Cardosi R J, Porter K B
Department of Obstetrics and Gynecology, University of South Florida College of Medicine, Tampa, USA.
Obstet Gynecol. 1998 Oct;92(4 Pt 2):695-7. doi: 10.1016/s0029-7844(98)00127-6.
In modern times, maternal death is rare. Timely cesarean delivery in the setting of maternal cardiopulmonary arrest may save both the infant and the mother.

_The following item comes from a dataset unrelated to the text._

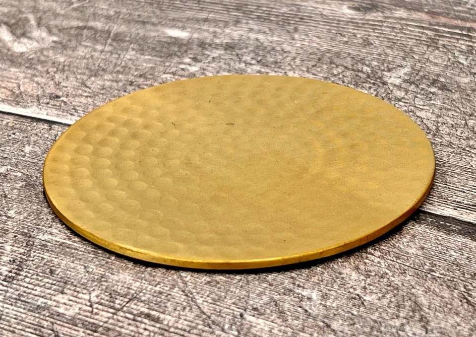 Posavasos de tono dorado con efecto martillado hecho a mano, posavasos para habitación de hotel, restaurante, oficina, té, café, taza, posavasos, hecho en la India, 2023
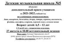 Детская музыкальная школа №5 объявляет дополнительный прием учащихся на 2021-2022 учебный год 23.08.2021

A 36-year-old white woman with a twin pregnancy suffered cardiopulmonary arrest at 28 weeks' gestation. Advanced cardiopulmonary resuscitative measures were unsuccessful, and the twins were delivered by cesarean at the bedside. Immediately after delivery, a maternal pulse was noted; both the mother and her infants are alive 15 months later.
Relieving vena caval occlusion by perimortem cesarean delivery in a term gravida allows chest compressions to provide sufficient cardiac output in the unfortunate event of maternal cardiopulmonary arrest. When delivery occurs within 5 minutes of maternal insult, the neonatal outcome is favorable.
在现代,孕产妇死亡较为罕见。在孕产妇心肺骤停情况下及时进行剖宫产可能挽救婴儿和母亲的生命。
一名怀有双胞胎的36岁白人女性在妊娠28周时发生心肺骤停。高级心肺复苏措施未成功,双胞胎在床边通过剖宫产分娩。分娩后立即发现产妇有脉搏;15个月后,母亲和她的婴儿均存活。
在足月孕妇中通过濒死剖宫产解除腔静脉阻塞,可使胸部按压在孕产妇不幸发生心肺骤停时提供足够的心输出量。当在孕产妇受到伤害后5分钟内完成分娩时,新生儿结局良好。